There is a well-founded reason why Nokia (News - Alert) is spending so much time and energy developing ultra-low-cost phones: global mobile subscriber growth now is driven by users in the "ermerging" and "developing" world. Looking at mobile service providers with the highest quarterly growth in wireless subscribers, three of the top ten are in China and five are in India.
Looked at another way, 15 of the top 17 mobile service providers operate in just four countries: Brazil, Russia, India and China. China Mobile, Bharti Airtel (News - Alert), Vodafone Essar and Reliance are examples.
In the second quarter of 2009, the top 15 largest mobile service providers grew by just a fraction of a percent from the previous quarter, says TeleGeography (News - Alert). The global recession is the obvious culprit. Where global growth rates were in the six percent range in 2006, in the four to five percent range in 2008 and are in the three percent to four percent range in 2009.

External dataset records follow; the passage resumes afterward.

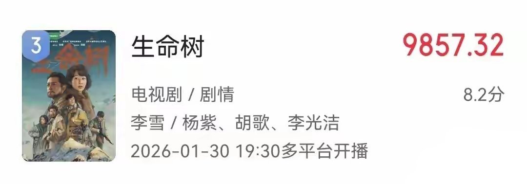 第三名 《生命树》主演: 杨紫、胡歌、李光洁、梅婷
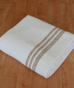 天然の茶綿を織りこんだ3本のライン模様が片側に入るデザインです。
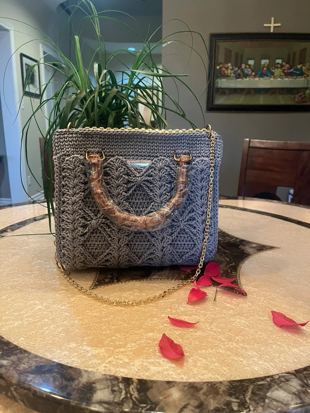 Check out this unique handmade knitted purse! It features a stylish grey knit design and a distinctive bamboo handle. The purse also has a gold chain strap, adding a touch of elegance. It's in great condition and ready for a new home
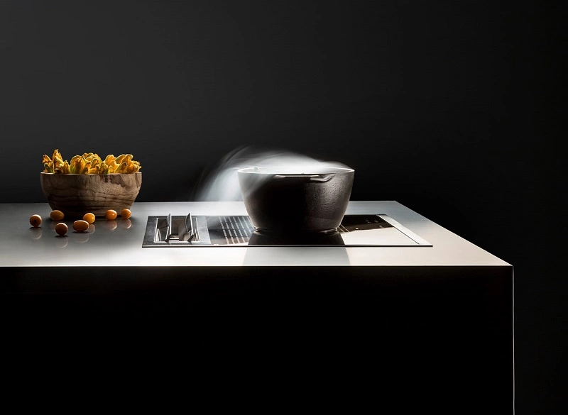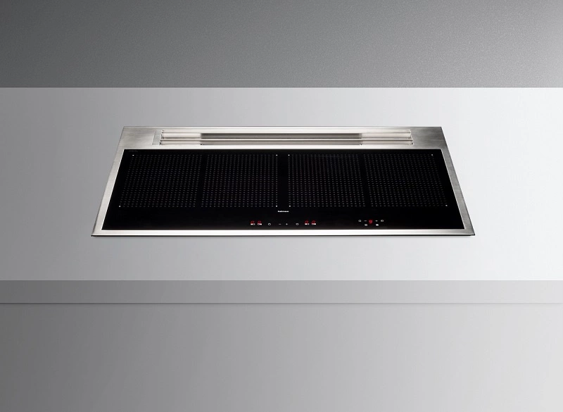 Zintegrowany zestaw: Ten zestaw zintegrowany FALMEC zawiera okap z silnikiem zintegrowanym z płytą indukcyjną, co pozwala zaoszczędzić miejsce na blacie kuchennym.
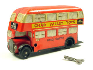 CHAD VALLEY (GB) 10045 Bus londonien 'CHAD VALLEY TOYS' en tôle lithographiée rouge & noir

Still, something else also is at work. Growth rates in any new market always are stunningly high in the early stages of growth, when the installed base of users is quite small. Over time, as the number of buyers grows, growth rates naturally fall. As more end users get mobile service, and the user base grows, growth rates inevitably will fall.
There now are 4.3 billion wireless users (or voice handset users plus subscriber information modules or dongles or data cards). In the second quarter 130 million new subscribers were added. That doesn't mean markets in the BRIC countries are saturated, by any means. But growth rates will slow as the installed base grows.
That would be true with, or without, a global recession.